(Extracted records):
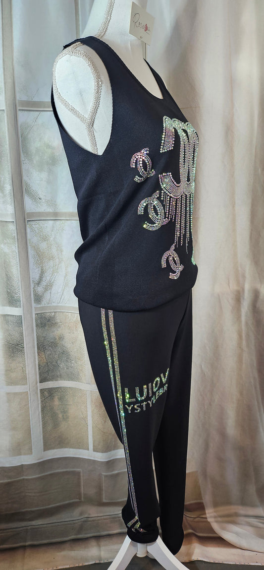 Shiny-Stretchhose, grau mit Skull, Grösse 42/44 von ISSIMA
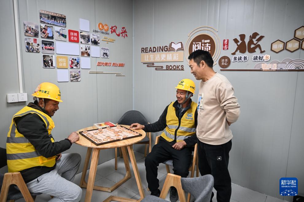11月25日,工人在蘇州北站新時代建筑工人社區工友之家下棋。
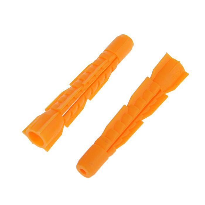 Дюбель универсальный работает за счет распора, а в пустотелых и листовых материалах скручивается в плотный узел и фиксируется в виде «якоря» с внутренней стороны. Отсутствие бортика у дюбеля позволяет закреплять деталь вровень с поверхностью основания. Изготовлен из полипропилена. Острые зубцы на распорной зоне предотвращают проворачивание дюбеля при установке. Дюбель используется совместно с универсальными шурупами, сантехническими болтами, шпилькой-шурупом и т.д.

* * *

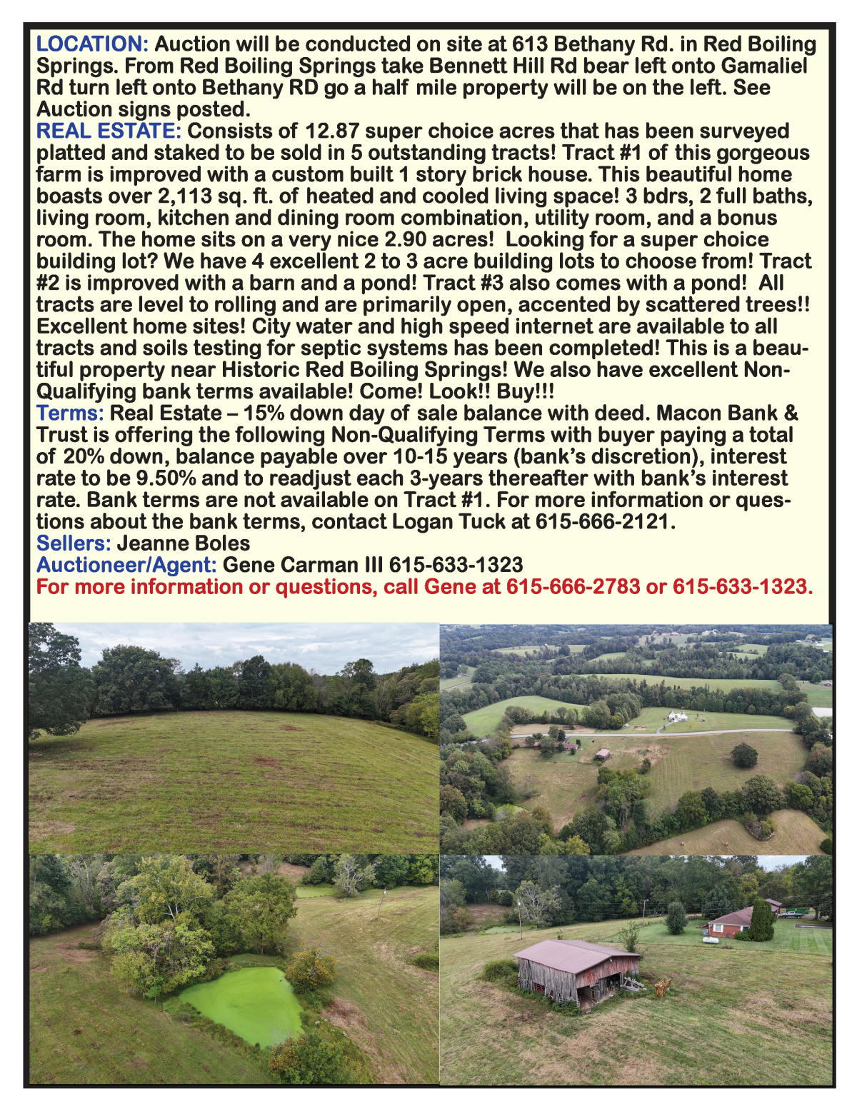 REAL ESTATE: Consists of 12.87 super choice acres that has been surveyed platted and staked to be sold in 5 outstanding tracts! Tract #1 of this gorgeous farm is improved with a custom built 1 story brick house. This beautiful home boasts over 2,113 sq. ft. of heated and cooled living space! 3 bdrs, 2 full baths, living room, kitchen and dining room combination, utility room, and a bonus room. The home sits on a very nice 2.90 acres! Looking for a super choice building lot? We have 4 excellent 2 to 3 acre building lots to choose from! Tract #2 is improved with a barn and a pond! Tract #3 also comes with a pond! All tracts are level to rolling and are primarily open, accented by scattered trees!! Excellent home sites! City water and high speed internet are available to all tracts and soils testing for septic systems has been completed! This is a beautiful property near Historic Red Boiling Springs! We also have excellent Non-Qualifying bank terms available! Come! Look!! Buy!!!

* * *

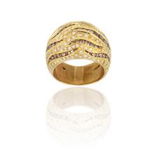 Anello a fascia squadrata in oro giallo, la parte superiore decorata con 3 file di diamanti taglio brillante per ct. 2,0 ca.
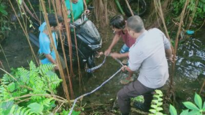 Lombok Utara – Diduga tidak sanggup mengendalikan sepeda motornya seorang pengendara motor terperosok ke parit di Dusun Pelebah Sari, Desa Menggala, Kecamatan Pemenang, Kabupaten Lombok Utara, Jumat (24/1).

(Exercise): Print the part of the listing above that opens with the line containing "Shiny-Stretchhose, grau mit" and closes with the line containing "11月25日,工人在蘇州北站新時代建筑工人社區工友之家下棋。". Copy it exactly, both ends included, and omit the pictures.

(Task output):
 Shiny-Stretchhose, grau mit Skull, Grösse 42/44 von ISSIMA
11月25日,工人在蘇州北站新時代建筑工人社區工友之家下棋。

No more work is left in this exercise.